Remember that you cannot load values from a ManifestArray
directly.
vds['air'].values
NotImplementedError: ManifestArrays can't be converted into numpy arrays or pandas Index objects
The whole point is to manipulate references to the data without actually loading any data.
Note
You also cannot currently index into a ManifestArray
, as arbitrary indexing would require loading data values to create the new array. We could imagine supporting indexing without loading data when slicing only along chunk boundaries, but this has not yet been implemented (see GH issue #51).
Virtual Datasets as Zarr Groups#
The full Zarr model (for a single group) includes multiple arrays, array names, named dimensions, and arbitrary dictionary-like attrs on each array. Whilst the duck-typed ManifestArray
cannot store all of this information, an xarray.Dataset
wrapping multiple ManifestArray
s maps neatly to the Zarr model.
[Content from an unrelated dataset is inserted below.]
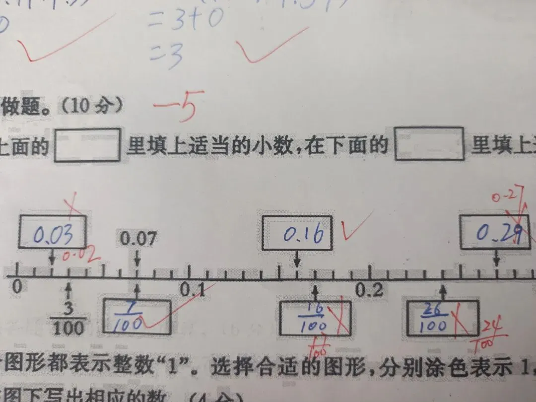 第四大题的数轴填数,孙女不是不会,就是太粗心没数清格子。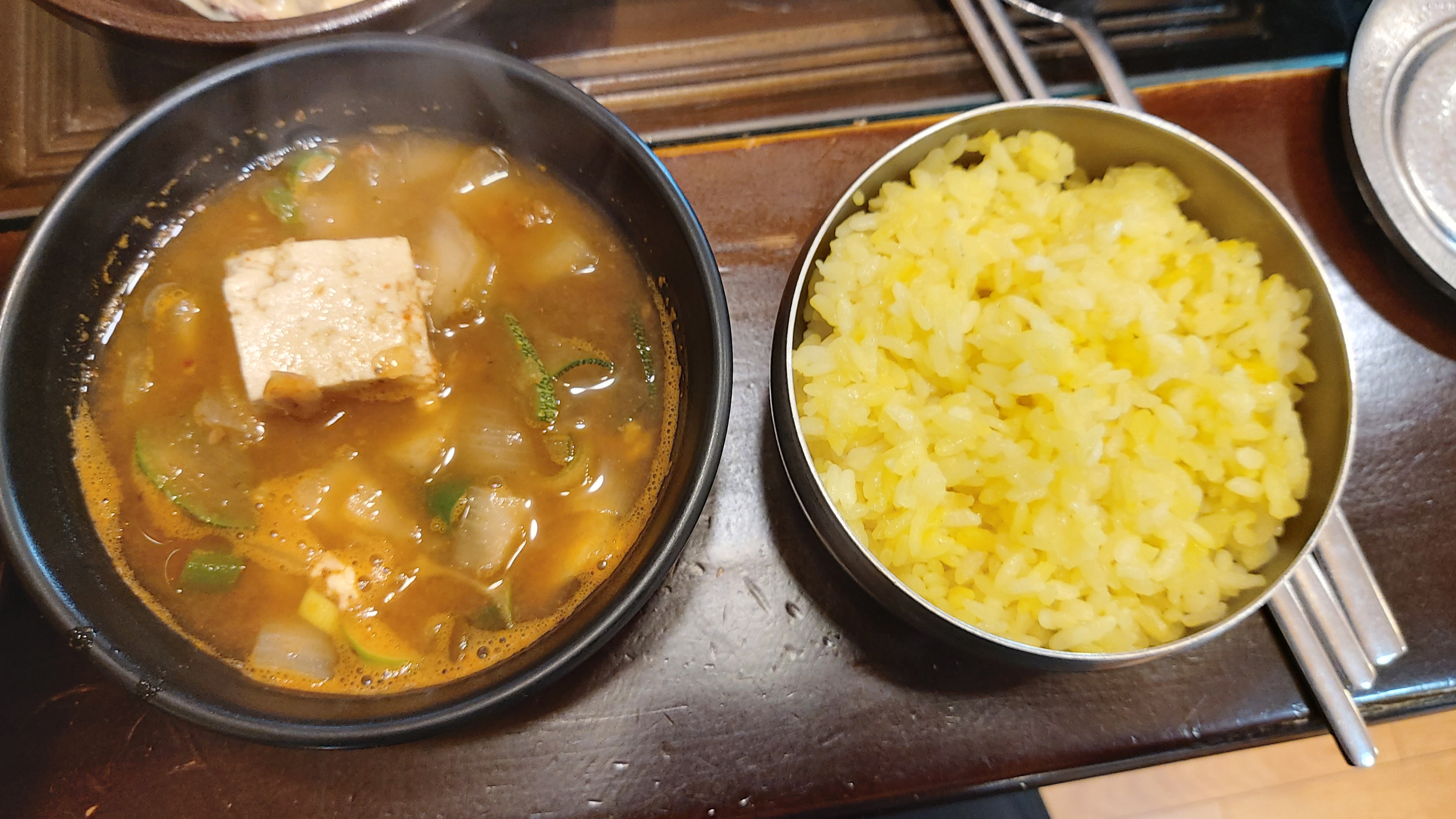 밥은 강황밥으로 나오고 3년 묵은 된장으로 끓인다는 된장찌개도 나옵니다.

This is what the virtual dataset we opened represents - all the information in one entire Zarr group, but held as references to on-disk chunks instead of as in-memory arrays.
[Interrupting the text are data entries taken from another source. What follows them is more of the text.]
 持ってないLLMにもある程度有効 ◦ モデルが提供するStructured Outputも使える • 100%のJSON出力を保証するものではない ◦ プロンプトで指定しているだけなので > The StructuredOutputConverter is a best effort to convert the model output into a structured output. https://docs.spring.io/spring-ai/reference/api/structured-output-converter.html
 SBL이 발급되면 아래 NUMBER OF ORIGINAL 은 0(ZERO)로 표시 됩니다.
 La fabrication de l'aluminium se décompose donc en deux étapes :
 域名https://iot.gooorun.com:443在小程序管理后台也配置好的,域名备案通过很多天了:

The problem of combining many archival format files (e.g. netCDF files) into one virtual Zarr store therefore becomes just a matter of opening each file using open_virtual_dataset
and using xarray’s various combining functions to combine them into one aggregate virtual dataset.
But before we combine our data, we might want to consider loading some variables into memory.
Loading variables#
Whilst the values of virtual variables (i.e. those backed by ManifestArray
objects) cannot be loaded into memory, you do have the option of opening specific variables from the file as loadable lazy numpy arrays, just like xr.open_dataset
normally returns.
Which variables to open this way can be specified using the loadable_variables
argument:
vds = open_virtual_dataset('air.nc', loadable_variables=['air', 'time'])
<xarray.Dataset> Size: 31MB
Dimensions: (time: 2920, lat: 25, lon: 53)
Coordinates:
* time (time) datetime64[ns] 23kB 2013-01-01 ... 2014-12-31T18:00:00
lat (lat) float32 100B ManifestArray<shape=(25,), dtype=float32, chu...
lon (lon) float32 212B ManifestArray<shape=(53,), dtype=float32, chu...
Data variables:
air (time, lat, lon) float64 31MB ...
Attributes:
Conventions: COARDS
title: 4x daily NMC reanalysis (1948)
description: Data is from NMC initialized reanalysis\n(4x/day). These a...
platform: Model
references: http://www.esrl.noaa.gov/psd/data/gridded/data.ncep.reanaly...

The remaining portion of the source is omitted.